“Readers don’t block readers, writers don’t block writers”
Is a common principle in database management that emphasizes the importance of concurrency and scalability. The principle states that readers should be able to read data simultaneously without blocking each other, and writers should be able to write to the database without blocking each other.

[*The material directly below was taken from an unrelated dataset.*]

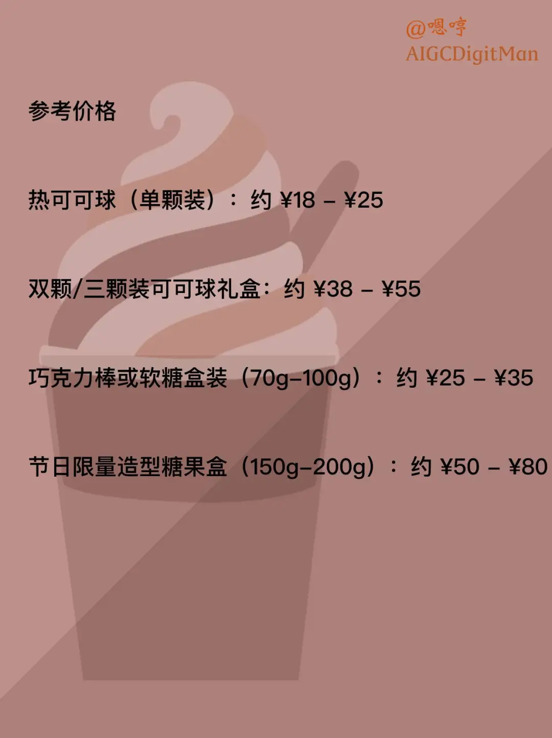 热可可球(单颗装):约 ¥18 - ¥25

PostgreSQL’s Multi-version Concurrency Control (MVCC) is a powerful feature that allows multiple transactions to access and modify data concurrently without interfering with each other. MVCC provides a consistent and isolated view of the database to each transaction, which allows for high concurrency and scalability. However, as transactions modify and delete data, they can leave behind obsolete or dead rows that occupy space in the database and may cause performance degradation over time. This is where PostgreSQL Autovacuum comes in – it is a background process that automatically manages the database’s storage and removes obsolete or dead data, ensuring that the database remains healthy and performant. In this blog, we will explore the inner workings of Autovacuum and how it can be tuned to optimize performance and prevent issues in PostgreSQL databases.

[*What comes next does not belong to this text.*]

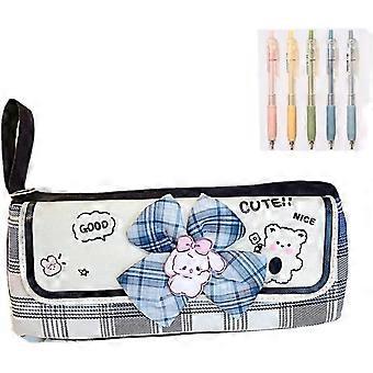 Kawaii Bow Large-capacity Pencil Case, Is Japanese Stationery Box With Jk Preppy Style Multi-layer Plaid Storage Bag (black+5 Pens)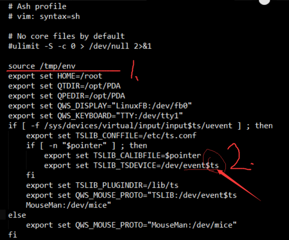 -no-tslib,表示不把tslib作为input库,此时触摸屏默认以evdev作为input库,所以移植完过后在开发板的/etc/profile文件中添加:

The rows which are marked as deleted are called dead rows. They serve no real purpose, but continue to occupy the disk space and could eventually lead to query slowness as the queries need to scan even the dead tuples.
What is vacuum ?
PostgreSQL implemented vacuuming to clean these dead rows and reclaim the space for reuse by new rows. There is a background process called ‘autovacuum’ which automatically does the vacuuming at regular intervals based on the pre-defined configuration parameters .
What is the problem ?
We have a table in our database which gets high DML transactions, and hence generates a large number of dead tuples.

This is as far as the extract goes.